- Problem to solve:
Only some lines are wanted. Transcribe, exactly, the lines below from the line with "กระบี่ 1 มิ.ย.- กู้ภัยฯ" up to and including the line with "Ken Toko (rechts)".

- Data provided:
================================
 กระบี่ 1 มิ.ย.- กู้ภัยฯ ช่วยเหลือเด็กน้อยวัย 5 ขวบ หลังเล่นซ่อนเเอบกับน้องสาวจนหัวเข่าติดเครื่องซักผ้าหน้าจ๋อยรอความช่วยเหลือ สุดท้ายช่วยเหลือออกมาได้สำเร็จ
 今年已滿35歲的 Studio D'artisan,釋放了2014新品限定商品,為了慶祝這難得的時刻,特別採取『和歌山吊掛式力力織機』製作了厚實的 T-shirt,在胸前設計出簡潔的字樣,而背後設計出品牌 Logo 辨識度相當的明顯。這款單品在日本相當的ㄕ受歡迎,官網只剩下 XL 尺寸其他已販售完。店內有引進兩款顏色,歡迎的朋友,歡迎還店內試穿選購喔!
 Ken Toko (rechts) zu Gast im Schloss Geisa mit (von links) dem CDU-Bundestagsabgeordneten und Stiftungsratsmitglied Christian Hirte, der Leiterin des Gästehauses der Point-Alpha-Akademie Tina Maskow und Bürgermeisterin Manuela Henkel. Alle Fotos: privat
================================
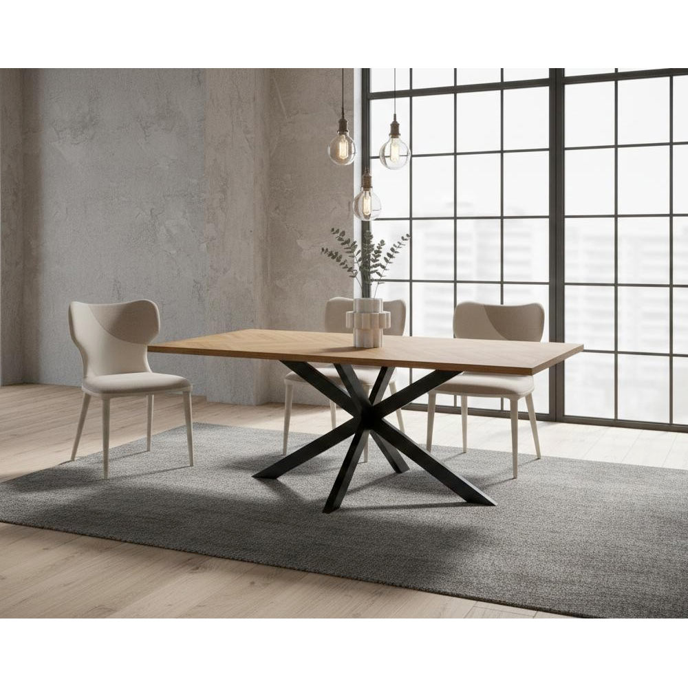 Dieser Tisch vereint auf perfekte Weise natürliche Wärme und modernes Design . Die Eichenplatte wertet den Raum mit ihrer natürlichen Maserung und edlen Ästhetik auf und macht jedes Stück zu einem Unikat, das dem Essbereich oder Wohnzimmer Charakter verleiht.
================================
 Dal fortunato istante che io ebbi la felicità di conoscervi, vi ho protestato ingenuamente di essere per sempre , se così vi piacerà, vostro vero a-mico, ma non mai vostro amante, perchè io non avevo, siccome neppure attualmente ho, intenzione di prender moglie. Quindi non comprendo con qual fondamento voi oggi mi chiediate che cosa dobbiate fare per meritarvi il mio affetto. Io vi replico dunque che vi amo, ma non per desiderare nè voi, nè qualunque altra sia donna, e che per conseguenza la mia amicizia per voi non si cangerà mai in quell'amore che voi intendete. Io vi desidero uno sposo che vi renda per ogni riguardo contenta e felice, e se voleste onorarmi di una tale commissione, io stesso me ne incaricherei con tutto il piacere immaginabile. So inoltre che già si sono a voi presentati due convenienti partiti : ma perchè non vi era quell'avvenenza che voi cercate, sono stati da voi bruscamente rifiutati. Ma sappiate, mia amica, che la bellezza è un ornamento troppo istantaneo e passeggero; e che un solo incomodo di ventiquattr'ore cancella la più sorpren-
================================
- Response:
 กระบี่ 1 มิ.ย.- กู้ภัยฯ ช่วยเหลือเด็กน้อยวัย 5 ขวบ หลังเล่นซ่อนเเอบกับน้องสาวจนหัวเข่าติดเครื่องซักผ้าหน้าจ๋อยรอความช่วยเหลือ สุดท้ายช่วยเหลือออกมาได้สำเร็จ
 今年已滿35歲的 Studio D'artisan,釋放了2014新品限定商品,為了慶祝這難得的時刻,特別採取『和歌山吊掛式力力織機』製作了厚實的 T-shirt,在胸前設計出簡潔的字樣,而背後設計出品牌 Logo 辨識度相當的明顯。這款單品在日本相當的ㄕ受歡迎,官網只剩下 XL 尺寸其他已販售完。店內有引進兩款顏色,歡迎的朋友,歡迎還店內試穿選購喔!
 Ken Toko (rechts) zu Gast im Schloss Geisa mit (von links) dem CDU-Bundestagsabgeordneten und Stiftungsratsmitglied Christian Hirte, der Leiterin des Gästehauses der Point-Alpha-Akademie Tina Maskow und Bürgermeisterin Manuela Henkel. Alle Fotos: privat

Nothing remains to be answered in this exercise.